/ACTIVA

The main repository for ACTIVA: realistic single-cell RNA-seq generation with automatic cell-type identification using introspective variational autoencoders

Primary LanguagePythonMIT LicenseMIT

ACTIVA: Realistic scRNAseq Generation with Automatic Cell-Type identification using Introspective Variational Autoencoders

This Repository contains the package for ACTIVA (Automatic Cell-Type-conditioned Introspective Variational Autoencoder). Our paper is now available here.

Tutorials

Tutorials for using ACTIVA are avaialable here

Data and Pre-Trained Models Availability

Original Data

The original data (sparse matrices) is freely available on DOI

Pre- and Post-Processed Data

All of our data can be freely downloaded using the following addresses:

Data URI
Pre-processed Brain Small s3://activa-material/PreprocessedData/20kBrainSmall_preprocessed.h5
Pre-processed 68K PBMC s3://activa-material/PreprocessedData/68kPBMC_preprocessed.h5ad
Pre-processed NeuroCOVID s3://activa-material/PreprocessedData/NeuroCovid/NeuroCOVID_PreProcessedUsingScGAN_Sparse.h5ad
Post-processed Brain Small s3://activa-material/PostProcessedData/final_brainsmall_val_int_clust.h5ad
Post-processed 68K PBMC s3://activa-material/PostProcessedData/final_68kpbmc_val_int_clust.h5ad

Pre-Trained Models

our pre-trained models can be freely accessed using the following URIs:

Model URI
Brain Small s3://activa-material/Model-Weights/20K\ Brain\ Small/ACTIVA_BrainSamll.pth
68K PBMC s3://activa-material/Model-Weights/68K\ PBMC/ACTIVA_68kPBMC.pth

Installing the package:

The code can be run either directly or through a package structure (recommended); that is, you can install ACTIVA package locally and just import the needed classes/methods/functions as needed. It is important to note that since ACTIVA uses two homemade packages (ACTINN and SoftAdapt) on GitHub, installing requirements.txt in advance is recommended.

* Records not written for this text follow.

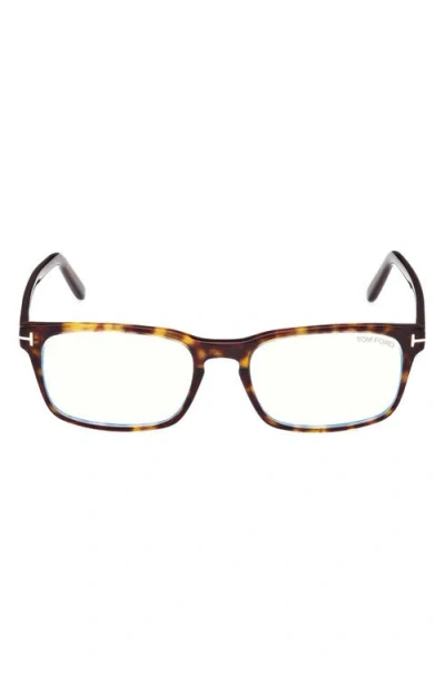 TOM FORD 54mm Rectangular Blue Light Blocking Glasses In Brown
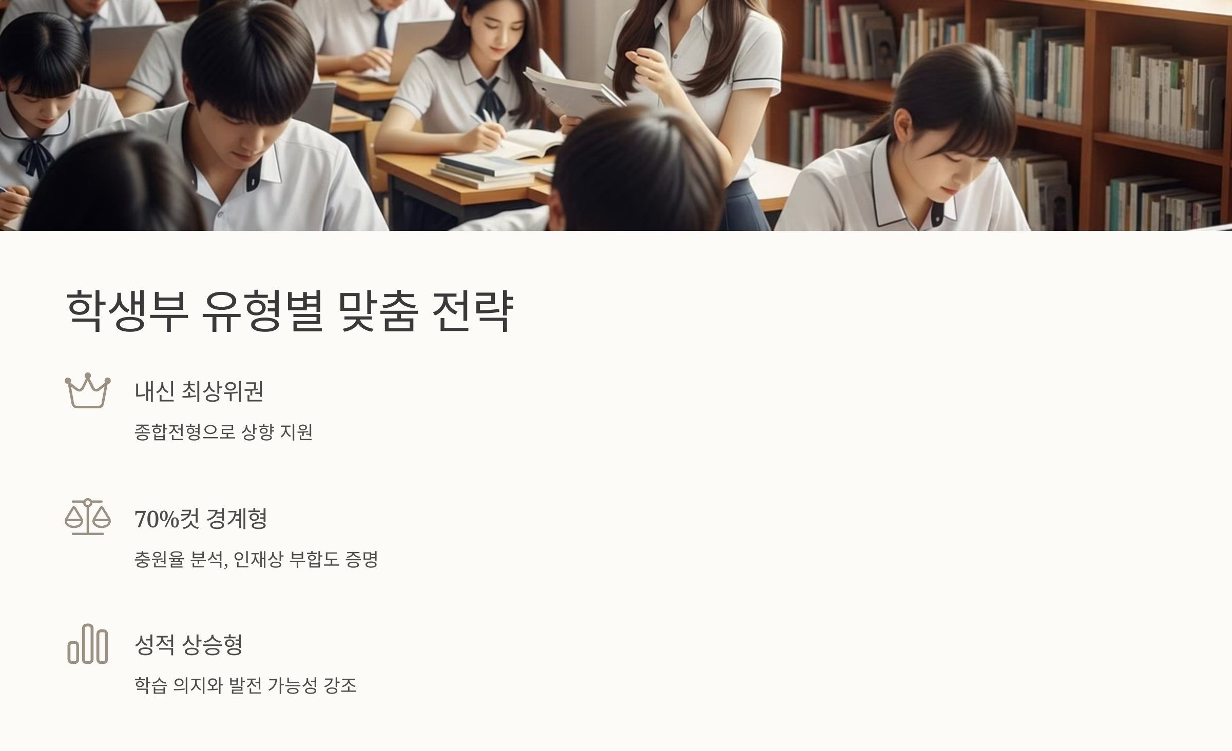 - 내신 최상위권 학생: 학생부교과(고교추천전형)를 안정적으로 지원.
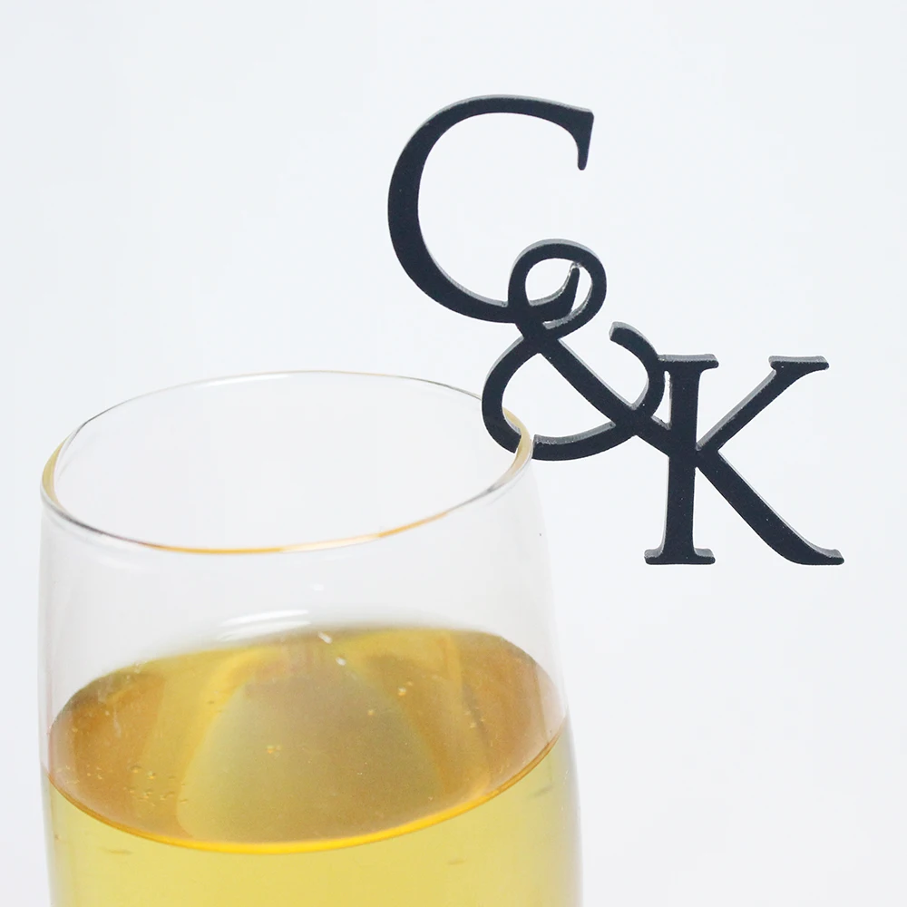 15/40/100pcs Personalized Wedding Initials tags Acrylic Stir Swizzle Sticks Cocktail Custom Drink Stirrers Glass Wine Charms
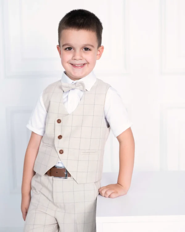 Bež karirani komplet sa prslukom za bebe i dečake
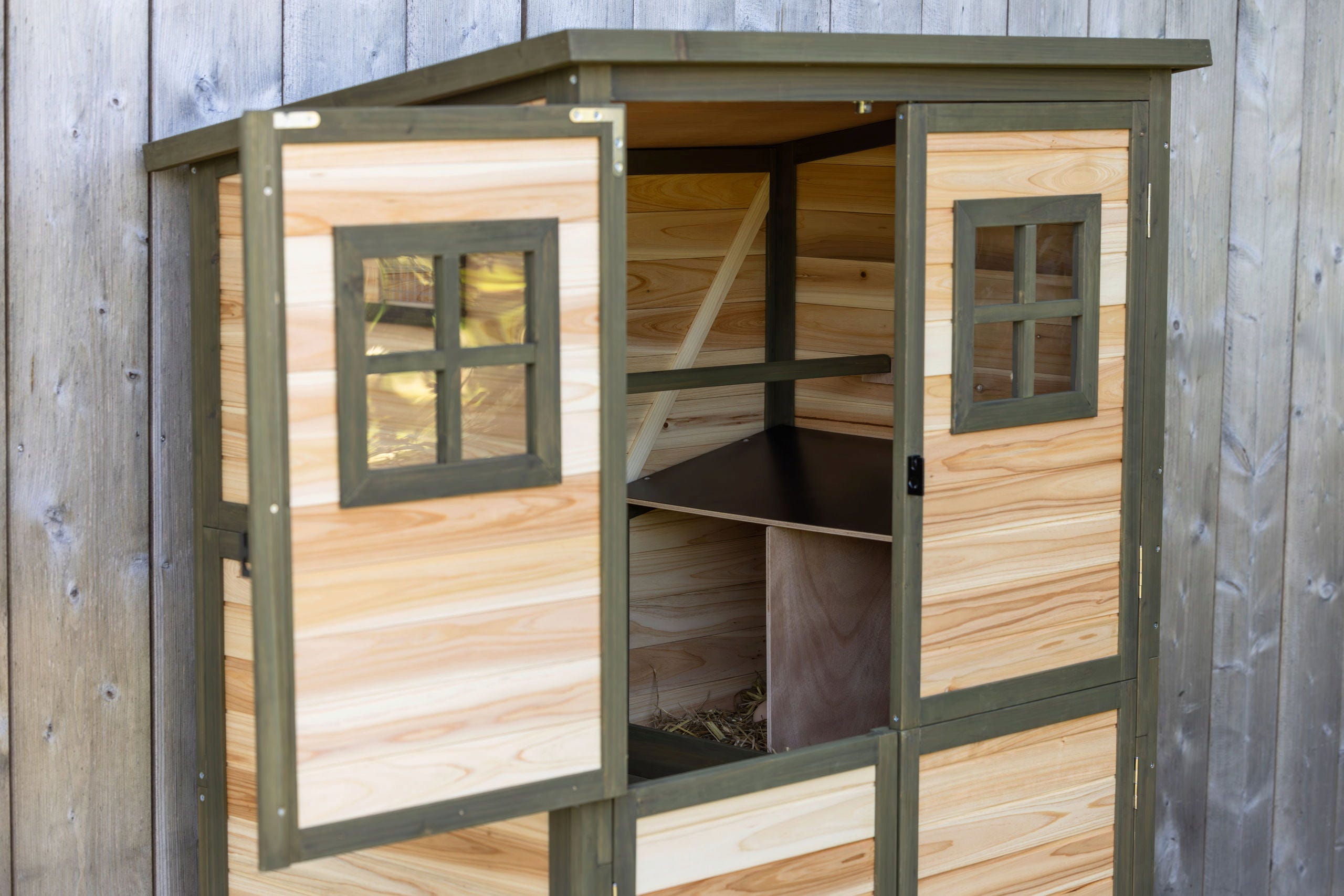- Diervriendelijke binnenruimte: Uitgerust met 2 zitstokken en 2 legnesten voor een diervriendelijke huisvesting van maximaal 10 kippen.
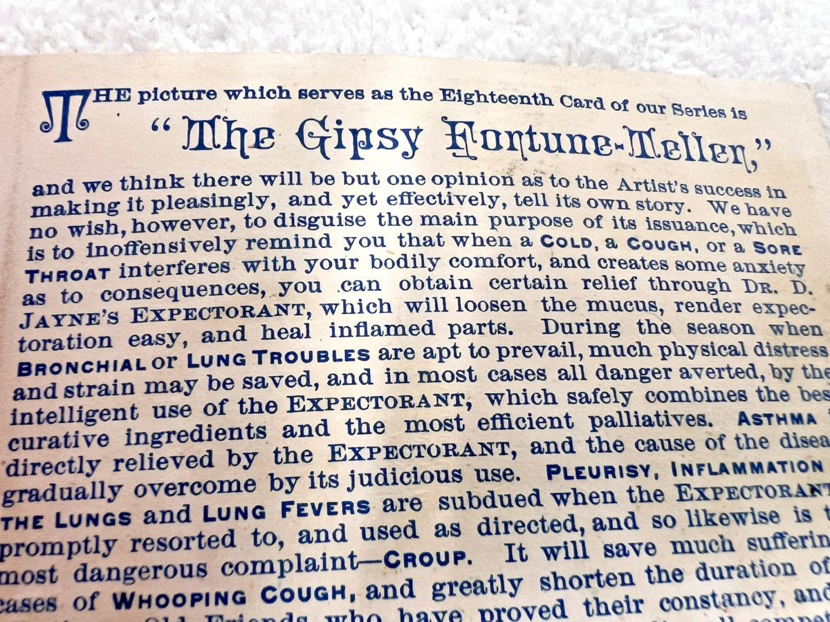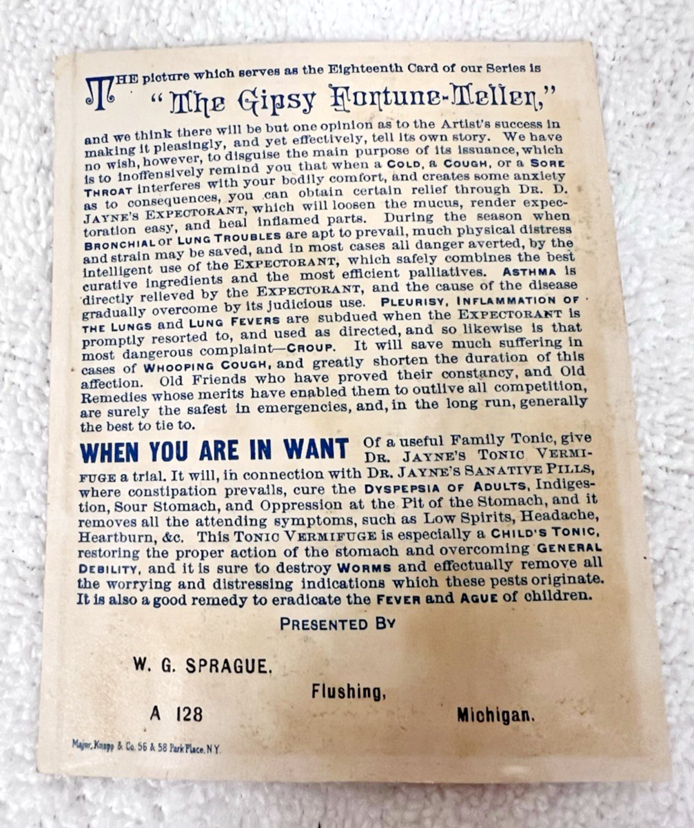 The Gipsy Fortune Teller Gypsy Victorian Trade Card Dr Jayne's Tonic Owl Cat In fair shape but please see the speckled white dots 4 7/8 x 3 7/8 Inches

Step 1: Install Requirements Explicitly

Ensure that you are in the same directory as requirements.txt. Then using pip, we can install the requirements with:

pip install -r requirements.txt

Although the core requirements are listed directly in setup.py, it is good to run this beforehand in case of any dependecy on packages from GitHub.

Step 2: Install Package Locally

Make sure to be in the same directory as setup.py. Then, using pip, run:

pip install -e .

For step 2, expect a lot of the requirements to be satisfied already (since you installed the requirements in advance).

Training the model:

You can train the model by adding the appropriate flags on the bash call to python; any arguments that are not explicitly called will resort to the pre-define defaults. Here is an example of running the code on 8 GPU (after installing the package), with explicitely declaring the number of epochs and the learning rates:

CUDA_VISIBLE_DEVICE=0,1,2,3,4,5,6,7 python ACTIVA.py --lr 0.0002 --lr_e 0.0002 --lr_g 0.0002 --nEpochs 500

and similarly, all other hyperparameters can be passed on explicitly on the call.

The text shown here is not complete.